Abstract 269: The Role of Neutrophils in Doxorubicin-induced Cardiotoxicity

Abstract

Doxorubicin (Dox) is one of the most effective chemotherapy agents for treating childhood cancer. Unfortunately, Dox also causes damage to the heart which leads to reduced heart function and heart failure in >50% of survivors. Understanding the mechanisms by which Dox induces cardiotoxicity is crucial to identifying preventive interventions. Inflammation, in particular: neutrophils and monocytes has been linked to other form of cardiac disease. However, the role of these immune cells in Dox-induced cardiotoxicity has not been examined. We hypothesize that neutrophils are responsible for the early damage caused by Dox treatment. Using our mouse cardiotoxicity model, mice were treated with Doxorubicin for 2 weeks. Neutrophil infiltration in the heart 24 hours after therapy were evaluated by flow cytometry. There was an increase in neutrophils in heart tissue of Dox-treated mice as compared to controls and a decrease in heart function as quantified by echocardiography (ejection fraction [EF] and fractional shortening [FS]).

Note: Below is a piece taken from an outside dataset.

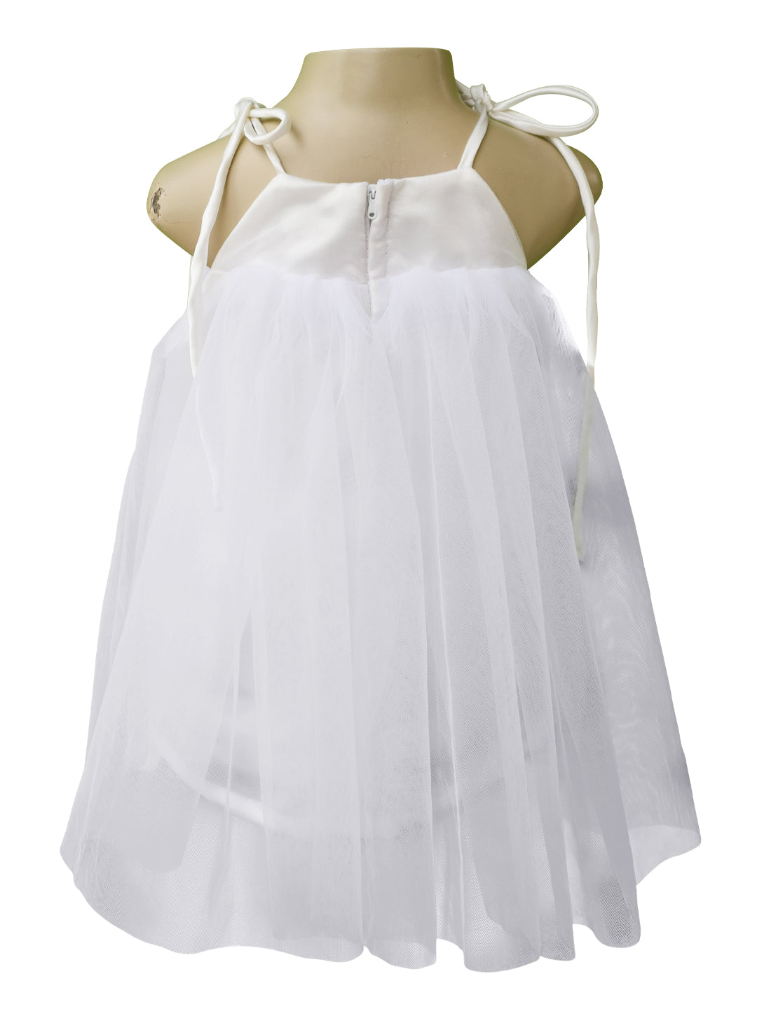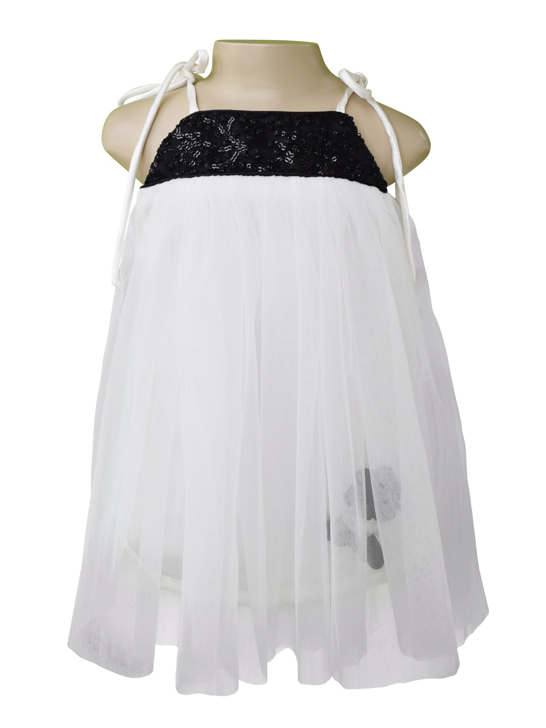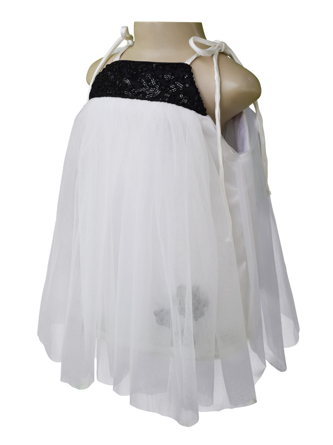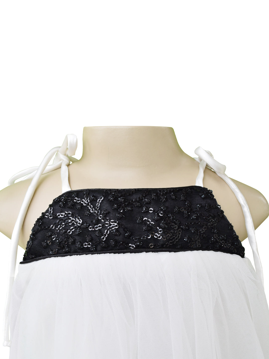 Shake things up in your little girls wardrobe by adding this unique, vintage-inspired dress. Made from a lightweight ivory-hued net fabric, this sleeveless one-piece boasts of a black banded square neckline with darling tie-shoulder detailing, and an oh so retro-chic breezy, easy fit. Black blooms adorn the hem. So effortlessly chic and flowy!

Next, we depleted neutrophils using an anti-Ly6G antibody. Neutrophil depletion was confirmed by flow cytometry in the blood and hearts of Dox-treated mice. We found that neutrophil depletion prevented Dox-induced decrease in both ejection fraction and fractional shortening. Additionally, we also observed by flow cytometry that infiltration of monocytes was unaffected by the neutrophil depletion antibody. Based on this data we concluded that neutrophils and not monocytes are integral contributors to acute heart damage caused by Dox. These data indicate that targeting neutrophils may be a preventive strategy against Dox-induced cardiotoxicity.